Relocation: not just a cost-saving exercise

Amid widespread uncertainty following Brexit, companies throughout the financial services sector have been forced to consider moving some or all of their operations out of the UK to ensure preferential treatment and continued access to key markets.

Relocating any business – from finance start-ups to international banks – requires careful planning and applications, systems, hardware and people are all important factors as well as cost savings.

However, savings are not the only thing that a company’s treasury team and other departments should consider when relocating the business. Applications, systems, hardware and people are all being moved and a seamless transition is essential to ensure there is no downtime and no risk to the corporate reputation or its finances.

Most people see international relocation as a cost-saving initiative, but if that is your only driver you could be left very disappointed. Many other considerations, such as the country’s infrastructure, legal environment, currency risks and the ability for people to successfully relocate to that location, should be taken into account as they are all areas which pose a risk to the organisation.

The following outlines five core factors that must be considered when relocating or establishing an operating base in a new market:

Infrastructure: From a technology point of view, one of the most important things to consider is the country’s infrastructure. Access to a 24/7 power supply is crucial for most financial institutions and something that many of us take for granted. It is important to consider how reliable the power supply is and whether a back-up generator is needed.

In some locations it is normal for servers to be located in the basement of the same building that the company operates out of. However, if for example you are based in a monsoon area that is susceptible to flooding you may need to have a back-up plan. Offshore teams have in the past been unable to work in the new location as basement server rooms were flooded, and teams in the original source location have had to cover until the building gets back up and running. In other situations, it may be necessary for local employees to work from home if they can’t get into the office, so a stable internet service is essential.

Legal and regulatory structure: A good knowledge of the target markets’ legal and regulatory structure is a must, as is finding a local trusted advisor. In certain cases, it could be easier to relocate partnering with a local vendor; for example, local partnerships are the norm in Ukraine, whereas in India a captive market is much more enticing for resources.

Exchange rate and country risk: Complexity comes with exchange rate movements and government restrictions on movement of funds can affect the business case and profitability of the venture. For example, Russia and Greece have recently imposed capital restrictions which would affect business plans.

It is also important to consider where your data comes from, where it is going and to ensure that you don’t overlook any data protection laws. In Switzerland, for example, data is not allowed to be used outside of the country. This can cause issues when it comes to relocation of technology. Legal terms and conditions need to be carefully reviewed and specifics such as intellectual property rights and contracts considered, as these could be used as enticements for that location for a short period of time, but change a few years later.

Your key resource, people: Seeding resources in the new location is standard, as this ensures the culture of the firm is embedded. Assessing whether the location is safe for families, there is a high level of corruption or the country is stable, can all influence your decision. Your location has to contain a good supply of resources, with the appropriate educational level and skill requirements. This can be done by yourself or with a partner organisation.

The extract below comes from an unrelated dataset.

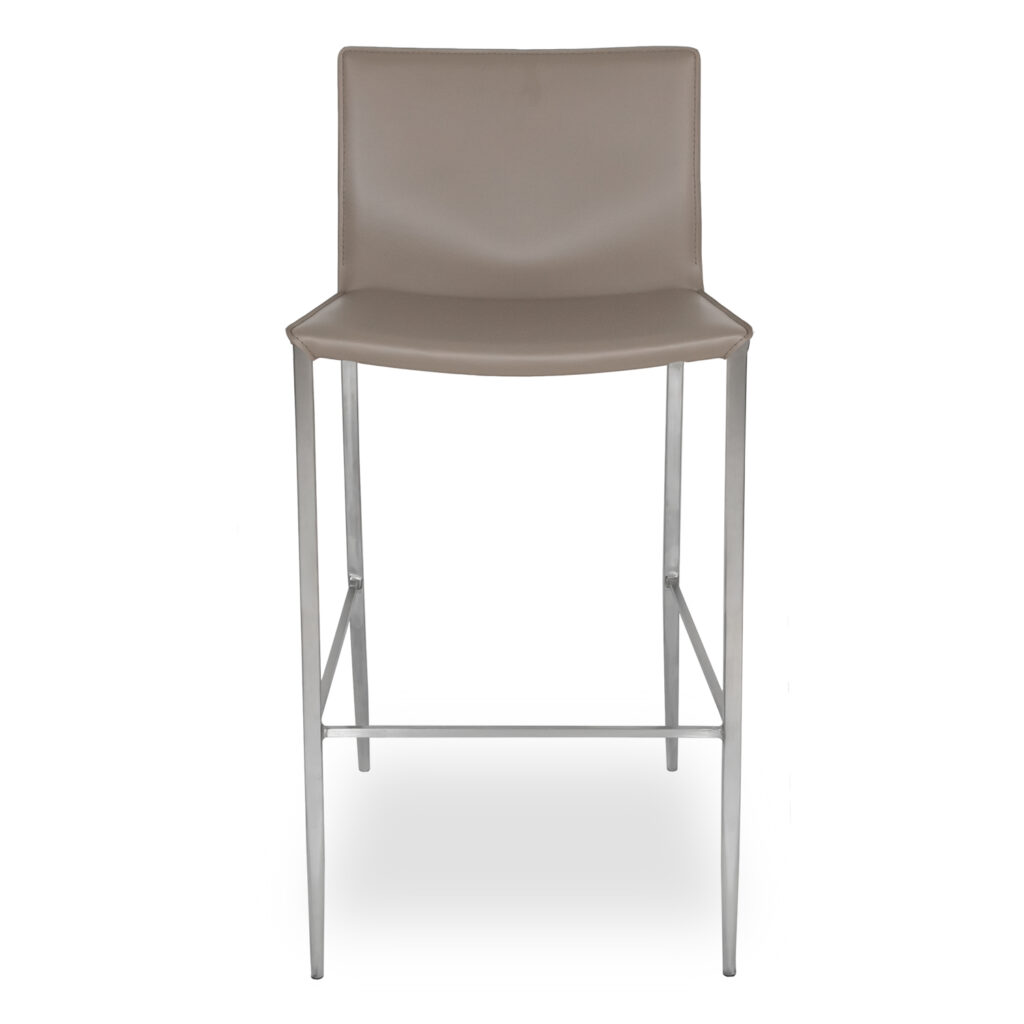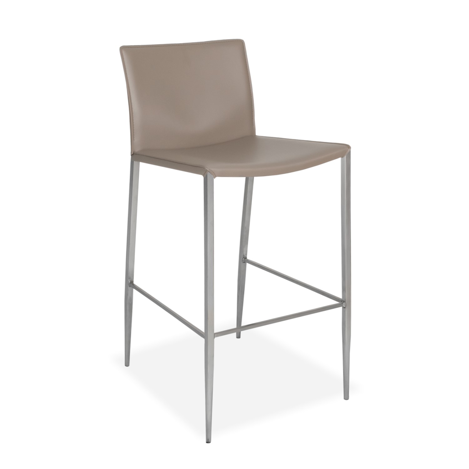 The Morris Barstool has a clean, minimalist look, with a chrome brushed stainless steel frame and regenerated leather upholstery in taupe grey. Matching stitching and black piping on the back enhance Morris' simple elegance, while the slightly curved back hugs in toward the lower spine to boost your comfort. Morris is proof that, sometimes, less is more.

Avoiding managing multiple people in multiple cities in the same country is a must, as it is hard to ensure critical mass in any one location. Ensuring that the local universities have courses in the development languages you are intending to use is crucial, being in an area where QA is studied at university won’t be much use if you use Java in your business.

Hidden costs: Travel costs, loss of knowledge and longer hand-over periods all make international relocation more expensive than originally planned. Every organisation plans for these, but typically underestimates the cost, especially around the loss of knowledge as this is very hard to quantify. Team morale is also affected, which makes hand-overs taxing; the current location does not want to undertake the write-ups as information is in people’s heads and handing over face-to-face is easier, rather than online training sessions and the like.

The above are just a few of the risks which need to be thought through, as the reputational damage which can be done by moving out of a location can be long-lasting, and should not be dismissed lightly.